(Edited) Rules of thumb relating multilevel modeling speed to number of samples and number of levels/complexity?



[Edited: I think that my original question might have turned people off because it seemed very specific. I illustrate my motivation with a specific concern, but all I really want to hear from those with experience about rules of thumb in terms of modeling speed. I have observed that a simple model on lots of data is slow. I know from reading other posts that this may have something to do with the posterior’s density concentrating too much because there are too many data points and the prior is therefore too weak to capture any uncertainty. I’m wondering if perhaps adding levels and complexity to the model is one way of making a model on so much data actually going faster.]

Original post:

_Inspired by Gelman et al’s BDA3 and DAURMM, I would like to apply the multilevel modeling framework to a work application. I have set-up RStan and simple models and am getting very very slow performance.

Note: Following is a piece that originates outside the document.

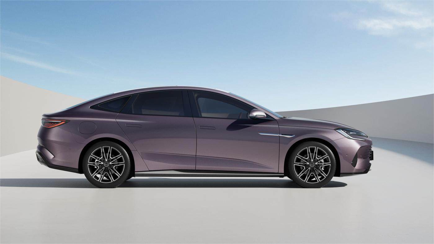 海豹DM-i低趴的车头和溜背以及尾箱部分的扰流造型设计让侧面整体非常动感。另外,从前大灯延伸到前门,又从后门延伸到尾灯的前后两条腰线彼此独立,起到了比例分割的作用,让整车视觉效果显得更加简洁修长。

Let me explain a bit of context. I have monthly data (120 months), with about 90,000 observations of security returns per month. Each of these observations has two features: color and shape. There are about 20 colors and about 10 shapes. Each of these security returns has an exposure to the market return for that month that we wish to compute. If we did no-pooling, we would do simple regression on the securities in each (month, color, shape) bucket. However, some buckets have very few observations. Furthermore, we have prior information that, fixing a month and shape, there is a known ordering of the true population slope parameters of each color.

The above details are perhaps not relevant to my rather general question. To test Stan I have first set up a simple linear regression of security returns to market returns where I pool all the colors and shapes. This takes a long time!

I would love to know simply if multilevel modeling with Stan is worth my time. If I make the model more complicated, with levels corresponding to year, color and shape will things slow down even more? Or can I get gains in time via some smart approach?

I would really really like to make this work. I’ve fallen in love with the powerful simplicity of multilevel modeling!


I think the problem is the opposite—it’s hard to see a specific question in there.

If you want help speeding up a model, you’ll have to show us what you currently have. The key efficiency issues are outlined in the manual chapter on efficiency: you need to use non-centered parameterizations and vectorize for a start.

This usually results in posteriors that are better behaved and faster.

I think you’re wrestling with the issue of whether the model fits the data well. More complex models (in terms of time to evaluate the log density) can be faster to fit if they match the data better.

And don’t you want to be applying time series to financial data like this? Keep in mind that should also use non-centered parameterizations.